The Reagan Administration “unequivocally opposes” an international conference “on the alliance between South Africa and Israel” which is scheduled to open this week in Vienna under the aegis of the United Nations Special Committee Against Apartheid. State Department deputy spokesman Alan Romberg said Friday the conference “will exacerbate, not help solve, the problems of the Middle East or South Africa.”
The UN Special Committee announced last May that it would hold the conference at the Vienna International Center from July 11 to July 13. The Committee said that the meeting was being organized in cooperation with the Afro-Asian Peoples’ Solidarity Organization, the Organization of African Trade Union Unity and the World Peace Council.
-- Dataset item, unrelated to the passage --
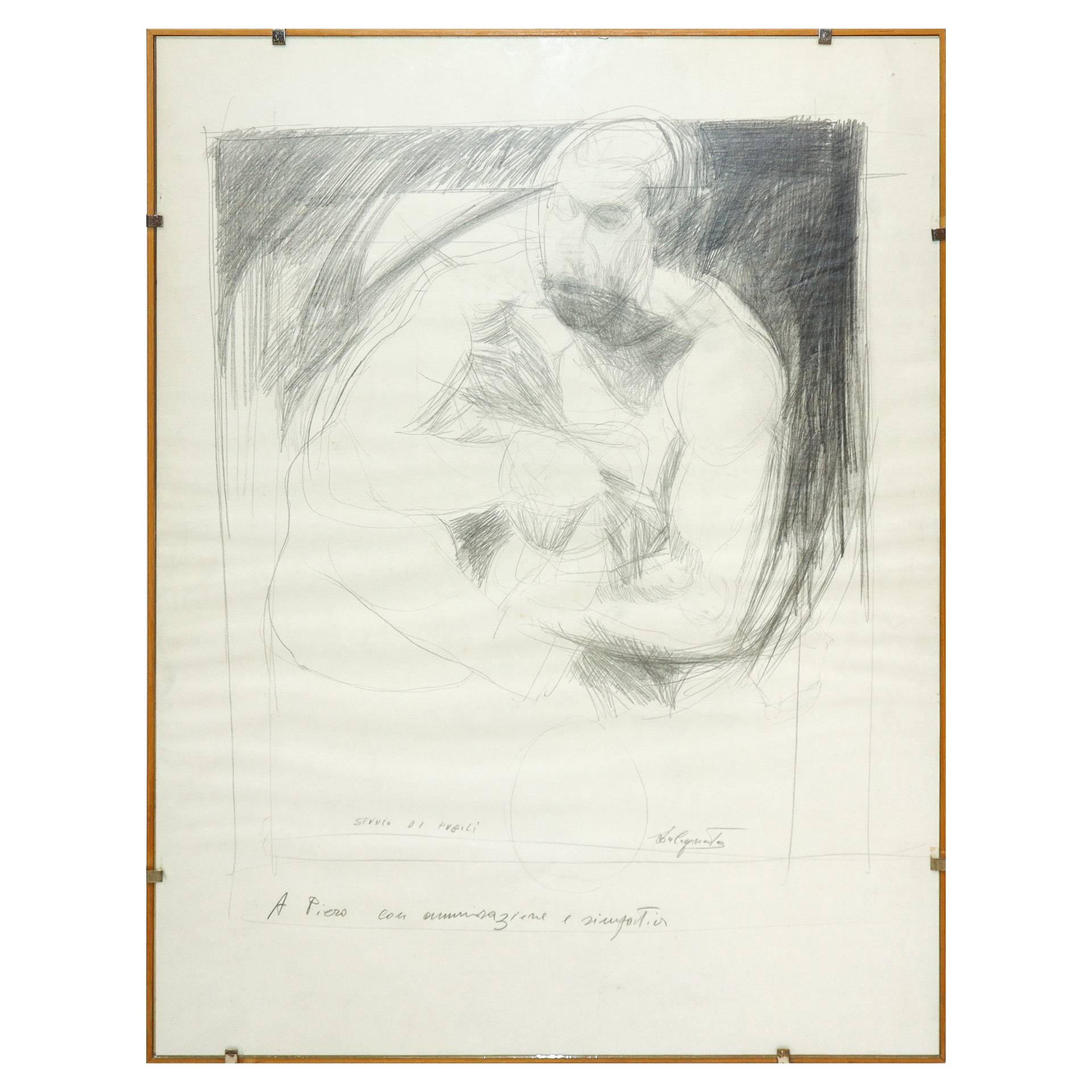 Giovanni La Cognata (1954) - Lo studio di pugili Cm 52x38,5 Marita su carta Firma titolo e dedica al fronte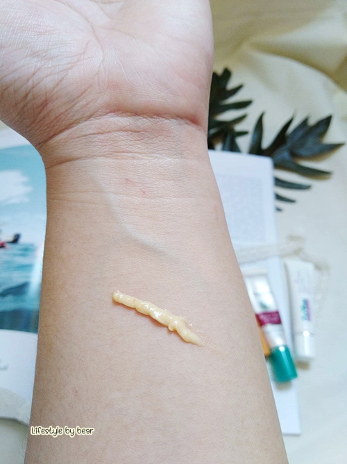 ลักษณะเนื้อผลิตภัณฑ์ : เนื้อครีมของเค้าจะเป็นครีมสีเหลืองอ่อนๆ กลิ่นไม่ฉุนนะ ออกกลิ่นเหมือนยาหน่อยๆ เมื่อเกลี่ยลงผิวแล้วรู้สึกบางเบาซึมง่าย ไม่เหนียวเลย สามารถลงครีมบำรุงหรือกันแดดต่อได้เลย

When the Special Committee announced its decision to hold the conference, Israel’s Ambassador to the UN, Yehuda Blum, charged that the Committee’s decision was “illegal and should, therefore, be cancelled.” It was illegal, he said, because the Committee did not issue a report on the financial aspects of the conference as UN rules require and because it lacked General Assembly approval.
Blum charged that the Special Committee singled out Israel’s trade with South Africa as a pretext for convening the meeting. He pointed out that Israel’s trade with South Africa is only two-fifths of one percent of South Africa’s international trade. Blum also accused the Special Committee of bias against Israel, noting that many of the 18 members of the unit represent countries that trade with South Africa on a much larger scale than Israel.
Romberg, in his statement, also pointed out that the U.S. opposes the conference because two of its three sponsors, the Afro-Asian Peoples’ Solidarity Organization and the World Peace Council, are Soviet front groups.